Fish and finger pie, or how did this lyric get by the AM radio censors?

another one, not AM but my local AOR station at the time would on occasion play the album version of “Miracles”, with the line “I got a taste of the real world/when I went down on you girl” intact- ugh.

Personally I’ve always wondered how the Beatles got away with John orgasming through the outro of “Lovely Rita”. Fish and finger pie is nothing compared to that.

My two favorite examples of “stuff that got right past the bleepers” are Jefferson Airplane’s “We Can Be Together,” which contains the lyric “up against the wall, motherfuckers” (around minute 3:20 or so) and it’s plain as day. Never bleeped that I know of. The other is Steely Dan’s “Show Business Kids,” with the lyric “show business kids making movies of themselves you know they don’t give a fuck about anybody else.” Also never bleeped that I recall.

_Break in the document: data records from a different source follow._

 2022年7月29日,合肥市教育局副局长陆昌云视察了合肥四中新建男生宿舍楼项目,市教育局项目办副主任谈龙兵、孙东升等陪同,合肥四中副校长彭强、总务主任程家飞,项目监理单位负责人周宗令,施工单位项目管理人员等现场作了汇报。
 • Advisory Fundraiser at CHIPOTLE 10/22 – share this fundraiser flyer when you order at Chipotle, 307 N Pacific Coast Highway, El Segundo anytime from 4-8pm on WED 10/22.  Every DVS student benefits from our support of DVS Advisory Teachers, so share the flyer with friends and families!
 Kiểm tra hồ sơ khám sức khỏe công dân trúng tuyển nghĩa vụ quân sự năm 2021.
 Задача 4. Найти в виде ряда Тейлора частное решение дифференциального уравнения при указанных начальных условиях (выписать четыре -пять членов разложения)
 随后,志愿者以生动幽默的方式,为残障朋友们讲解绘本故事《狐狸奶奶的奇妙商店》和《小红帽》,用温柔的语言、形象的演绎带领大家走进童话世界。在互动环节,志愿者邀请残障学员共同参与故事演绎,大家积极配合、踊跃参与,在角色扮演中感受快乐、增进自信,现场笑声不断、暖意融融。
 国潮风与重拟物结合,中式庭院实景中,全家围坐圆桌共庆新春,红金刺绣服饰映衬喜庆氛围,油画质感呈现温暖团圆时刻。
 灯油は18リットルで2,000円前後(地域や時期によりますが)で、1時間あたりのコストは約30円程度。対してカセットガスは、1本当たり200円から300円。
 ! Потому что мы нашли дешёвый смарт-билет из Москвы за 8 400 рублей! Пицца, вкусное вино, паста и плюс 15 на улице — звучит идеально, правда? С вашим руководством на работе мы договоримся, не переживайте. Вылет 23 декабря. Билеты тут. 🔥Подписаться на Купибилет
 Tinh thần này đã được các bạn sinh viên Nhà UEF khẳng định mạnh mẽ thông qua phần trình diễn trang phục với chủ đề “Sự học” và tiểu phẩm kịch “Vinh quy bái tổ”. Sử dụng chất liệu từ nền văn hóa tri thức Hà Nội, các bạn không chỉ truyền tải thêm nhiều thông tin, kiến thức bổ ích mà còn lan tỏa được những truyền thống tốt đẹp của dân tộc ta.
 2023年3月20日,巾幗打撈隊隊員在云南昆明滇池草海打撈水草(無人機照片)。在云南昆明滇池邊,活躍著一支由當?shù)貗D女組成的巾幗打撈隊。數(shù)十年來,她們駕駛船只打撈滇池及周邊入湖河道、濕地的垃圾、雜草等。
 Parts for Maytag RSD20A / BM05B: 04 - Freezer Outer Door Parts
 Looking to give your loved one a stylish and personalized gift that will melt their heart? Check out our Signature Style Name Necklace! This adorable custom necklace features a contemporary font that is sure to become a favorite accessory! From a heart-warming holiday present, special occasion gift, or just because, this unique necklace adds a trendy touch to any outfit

Been on oldies radio forever and apparently nobody ever complained.

This, for sure. Take a look at the lyrics for “Come Together” or “I Am the Walrus” – there’s all sorts of word salad in there.

Now, take a 50-something American, back in 1967, who isn’t familiar with current slang, and has no idea what “those kids” mean by just about anything they say, and give him the job of listening to songs for naughty words. All sorts of stuff is going to “get by” them.

another great point- I can imagine someone reading the complete lyrics to “Come Together” and saying, ah fuck it, its good to go:)

Apparently someone has because I heard a local radio station a few weeks ago play “Show Biz Kids” with the f-bomb-containing last verse entirely omitted (thereby blunting the point of the song). Similarly, FM rock stations played the album version of The Who’s “Who Are You” for about 20 years without blipping the “who the fuck are you” line before suddenly deciding to play a “clean” version with “fuck” changed to “hell”. Both these cases are proverbial examples of closing the barn door after the horse has escaped except that the horse escaped 40 years ago and has been dead for 30.

Incidentally, the “fish and finger pie” is not even the best example of the Beatles getting something past the censors for years. McCartney wrote “Got to Get You Into My Life” about his first experiences with marijuana andnobody caught on for over 40 years. I think we would still be in the dark had McCartney hadn’t finally stated what the song was about.

Forgot all about “Who Are You,” that’s a good one. It’s baffling to me that after all this time someone would decide that these old songs need the bleep treatment. There has to be some “cleanup” company out there just busily fucking over old music to suit these corporate garbage radio stations even though nobody’s ever complained. It would be funny AF though, to send irate “How DARE you fuck with the music like that!” letters–I bet you could get Redditors to join a campaign like that. For the lulz. :wink:

Fish fingers are the British name for fish sticks, and fish finger pie is a pie made out of fish fingers. I agree “fish and finger pie” is probably John Lennon playing suggestively with words, like how in “Day Tripper” “big teaser” was a double entendre for “prick teaser.”

She’s a big teaser
She took me half the way there

See post #2. The term being discussed isn’t “fish finger pie”. It is “a four of fish and finger pie”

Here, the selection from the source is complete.